Segment Open

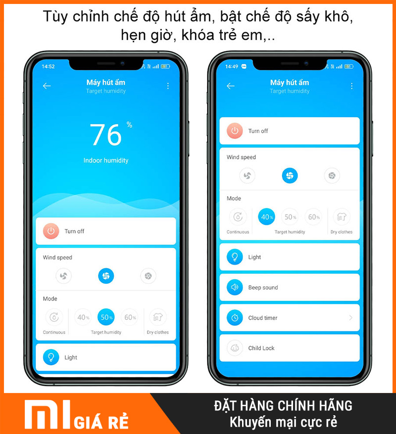 Tùy chỉnh độ ẩm mục tiêu: Có thể chọn mức độ ẩm mong muốn từ 40% đến 70%
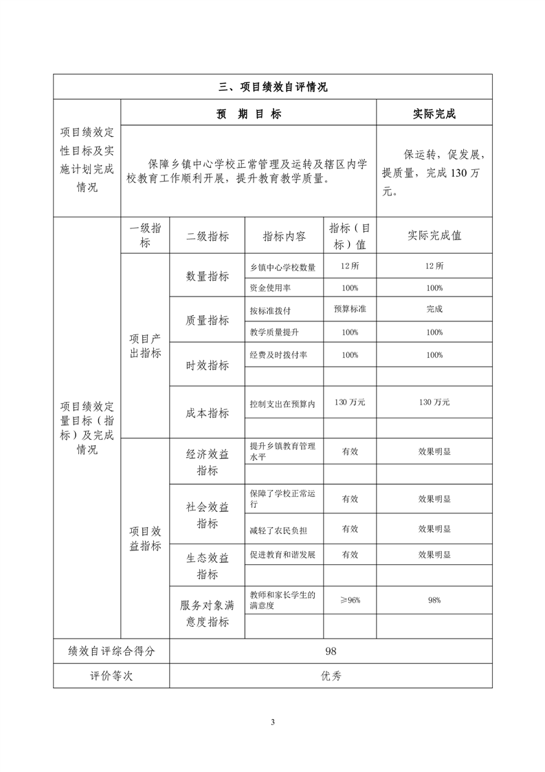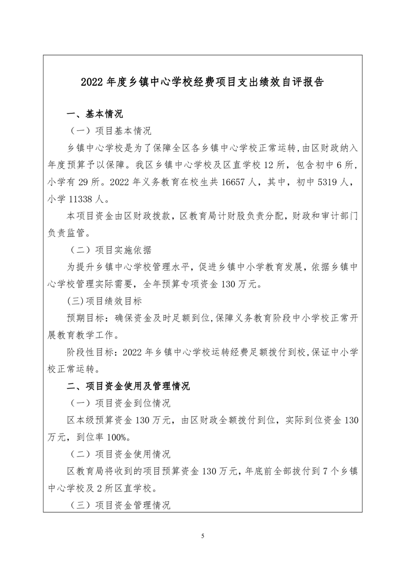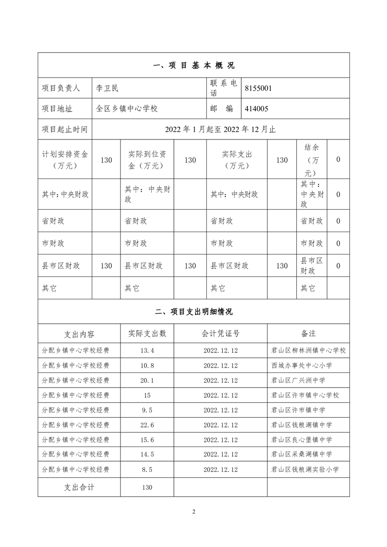 2022年度君山区教育局乡镇中心学校经费项目绩效评价自评报告
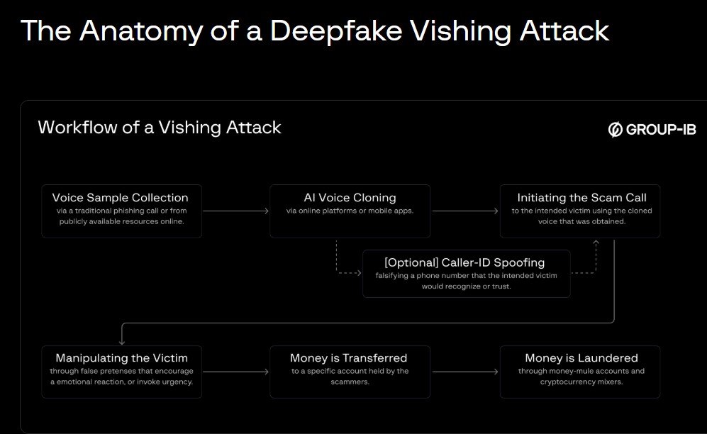 Существует два основных метода использования клонированных голосов при фишинговых атаках: 1) заранее подготовленное аудио: используется клонированный голос на основе заранее написанного сценария; 2) преобразование слов мошенника «в голос знакомого человека» в режиме реального времени.

Segment Closed

▶ WORK TO COMPLETE:
Working from the listing above, retype it exactly but include no images.

▶ ANSWER TO THIS PROBLEM:
 Tùy chỉnh độ ẩm mục tiêu: Có thể chọn mức độ ẩm mong muốn từ 40% đến 70%
 2022年度君山区教育局乡镇中心学校经费项目绩效评价自评报告
 Существует два основных метода использования клонированных голосов при фишинговых атаках: 1) заранее подготовленное аудио: используется клонированный голос на основе заранее написанного сценария; 2) преобразование слов мошенника «в голос знакомого человека» в режиме реального времени.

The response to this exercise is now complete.